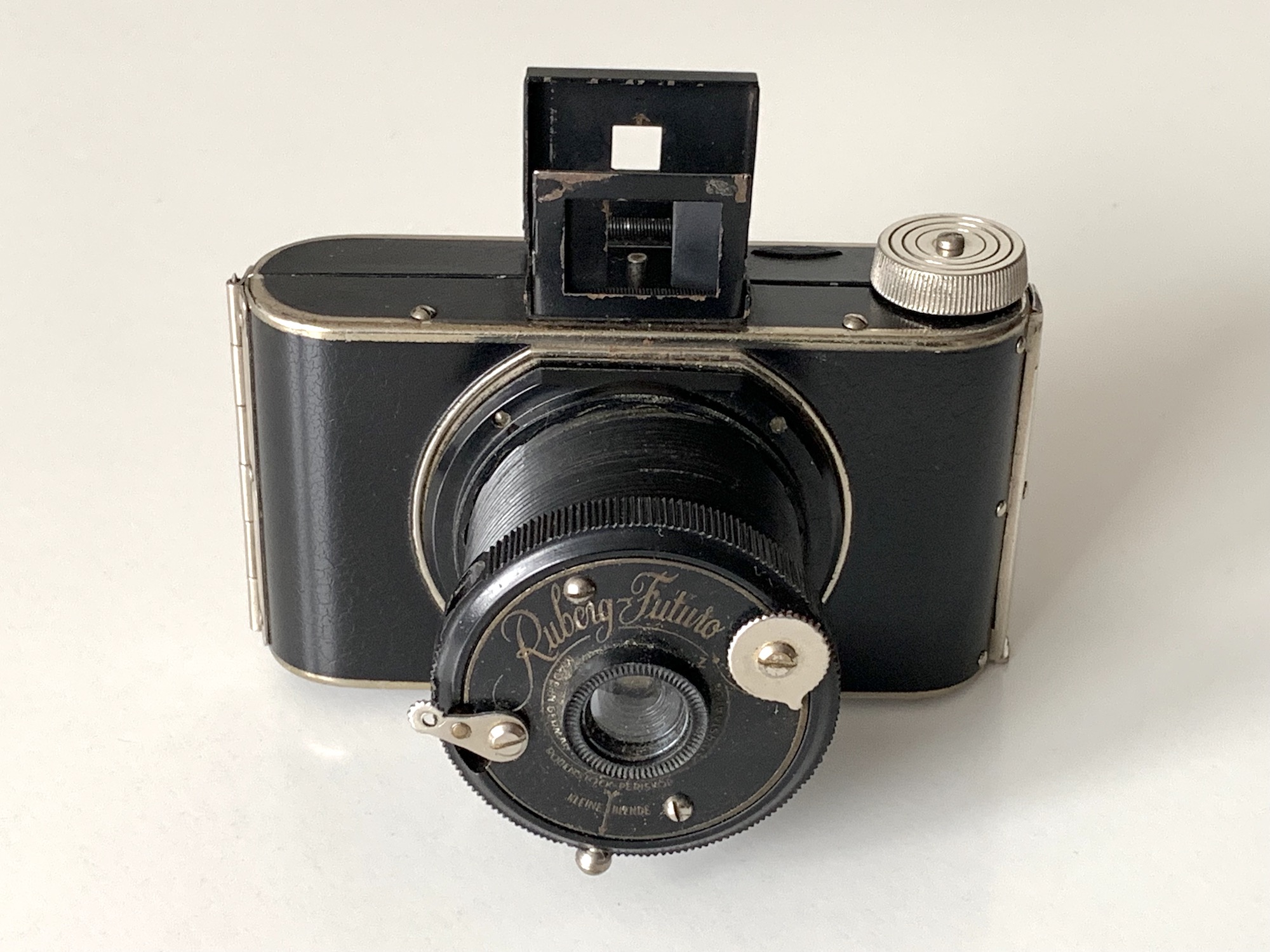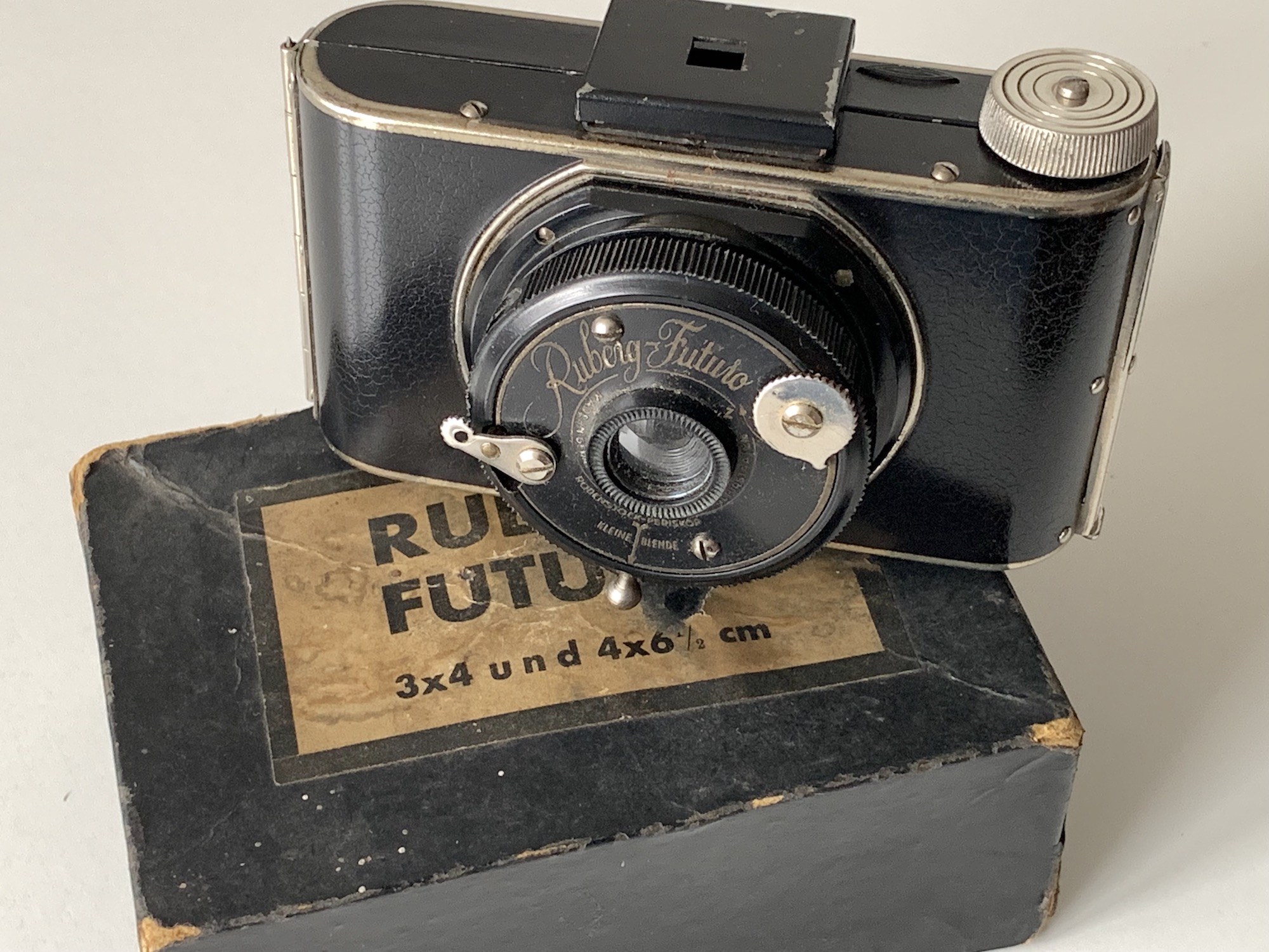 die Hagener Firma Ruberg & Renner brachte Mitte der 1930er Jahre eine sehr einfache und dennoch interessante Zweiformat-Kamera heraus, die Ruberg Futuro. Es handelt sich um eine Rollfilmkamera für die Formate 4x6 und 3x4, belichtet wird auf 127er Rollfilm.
...
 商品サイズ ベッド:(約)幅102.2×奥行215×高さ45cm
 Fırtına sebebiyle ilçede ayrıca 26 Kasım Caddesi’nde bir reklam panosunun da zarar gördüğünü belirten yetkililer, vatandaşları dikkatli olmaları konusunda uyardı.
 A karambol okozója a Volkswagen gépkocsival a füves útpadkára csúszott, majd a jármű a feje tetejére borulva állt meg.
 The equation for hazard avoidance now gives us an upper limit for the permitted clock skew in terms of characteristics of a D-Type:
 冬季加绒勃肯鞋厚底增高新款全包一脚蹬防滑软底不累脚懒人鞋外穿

About this exercise
Using the data above, transcribe the lines that run from the line with "商品サイズ ベッド:(約)幅102.2×奥行215×高さ45cm" to the line with "冬季加绒勃肯鞋厚底增高新款全包一脚蹬防滑软底不累脚懒人鞋外穿", both ends kept, and output nothing else.

Reply to the task
 商品サイズ ベッド:(約)幅102.2×奥行215×高さ45cm
 Fırtına sebebiyle ilçede ayrıca 26 Kasım Caddesi’nde bir reklam panosunun da zarar gördüğünü belirten yetkililer, vatandaşları dikkatli olmaları konusunda uyardı.
 A karambol okozója a Volkswagen gépkocsival a füves útpadkára csúszott, majd a jármű a feje tetejére borulva állt meg.
 The equation for hazard avoidance now gives us an upper limit for the permitted clock skew in terms of characteristics of a D-Type:
 冬季加绒勃肯鞋厚底增高新款全包一脚蹬防滑软底不累脚懒人鞋外穿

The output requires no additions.